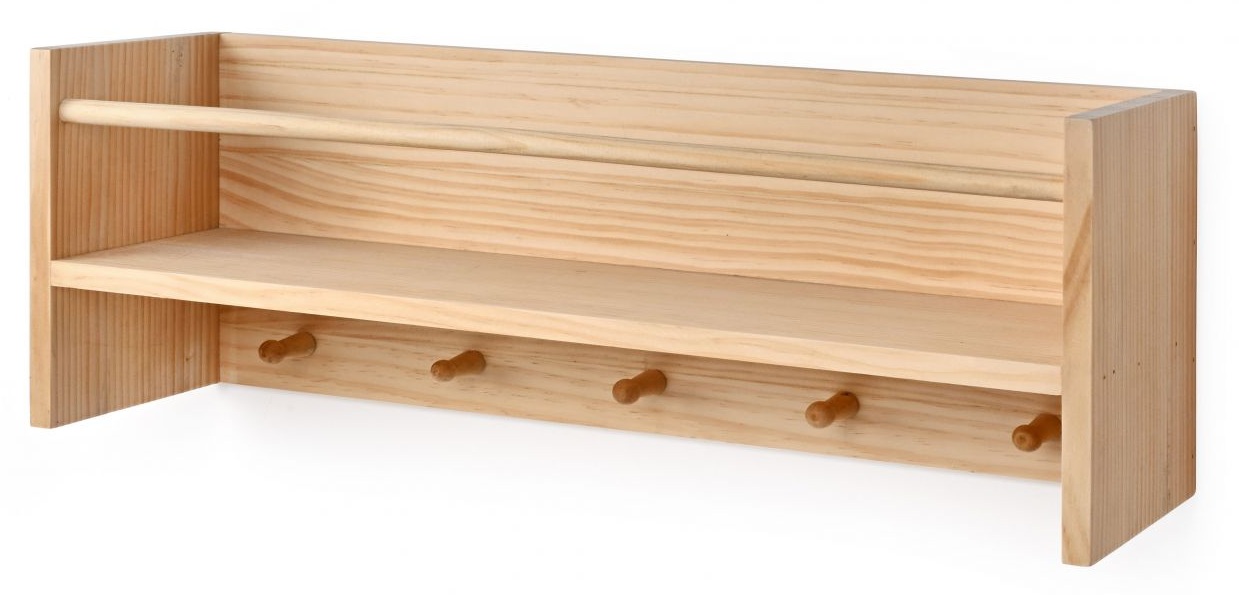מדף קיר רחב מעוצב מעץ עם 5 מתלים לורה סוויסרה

==

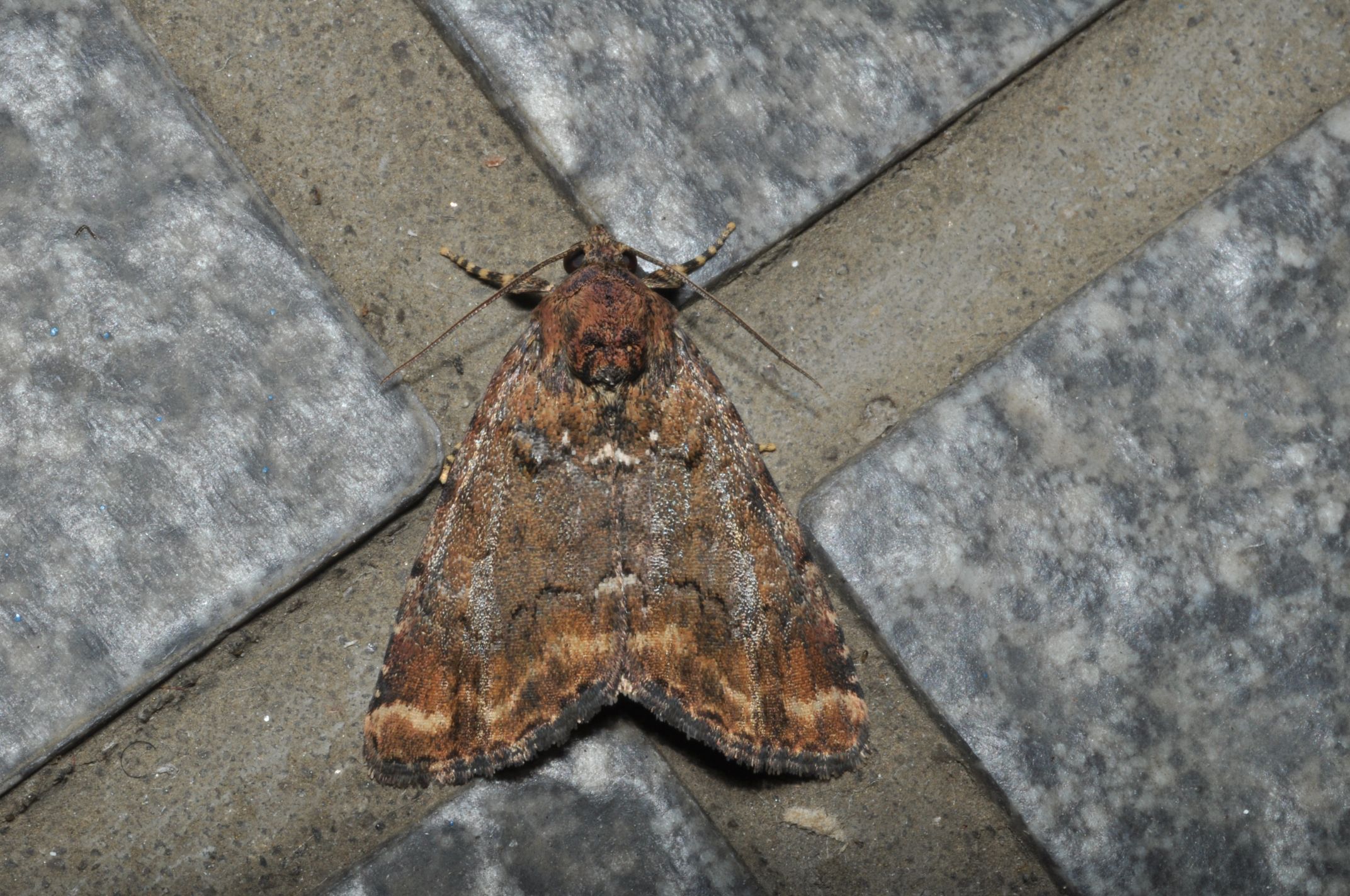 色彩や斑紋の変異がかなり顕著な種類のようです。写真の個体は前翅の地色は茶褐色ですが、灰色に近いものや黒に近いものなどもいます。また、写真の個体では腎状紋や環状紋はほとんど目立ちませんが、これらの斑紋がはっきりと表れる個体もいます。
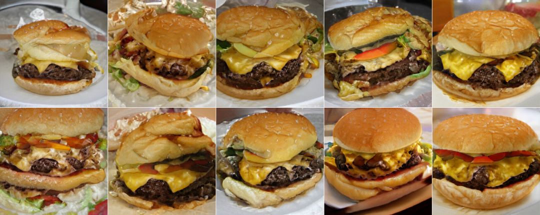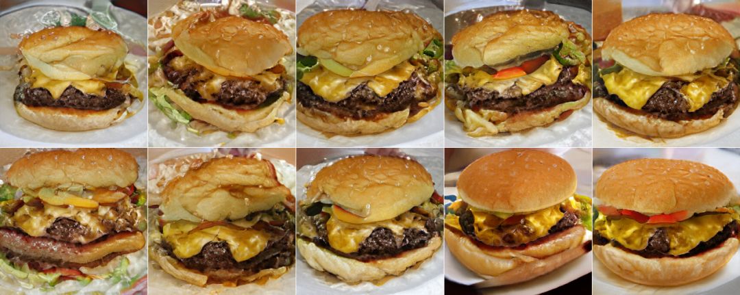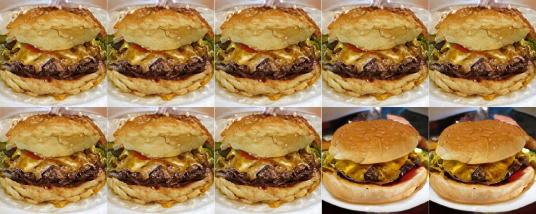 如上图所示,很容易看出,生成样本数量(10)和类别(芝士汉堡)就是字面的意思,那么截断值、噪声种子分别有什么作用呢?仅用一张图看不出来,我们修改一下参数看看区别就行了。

* Task description
When you reach the line holding "色彩や斑紋の変異がかなり顕著" in the listing above, begin retyping exactly, and stop once the line holding "如上图所示,很容易看出,生成" is done; pictures stay out.

* Response
 色彩や斑紋の変異がかなり顕著な種類のようです。写真の個体は前翅の地色は茶褐色ですが、灰色に近いものや黒に近いものなどもいます。また、写真の個体では腎状紋や環状紋はほとんど目立ちませんが、これらの斑紋がはっきりと表れる個体もいます。
 如上图所示,很容易看出,生成样本数量(10)和类别(芝士汉堡)就是字面的意思,那么截断值、噪声种子分别有什么作用呢?仅用一张图看不出来,我们修改一下参数看看区别就行了。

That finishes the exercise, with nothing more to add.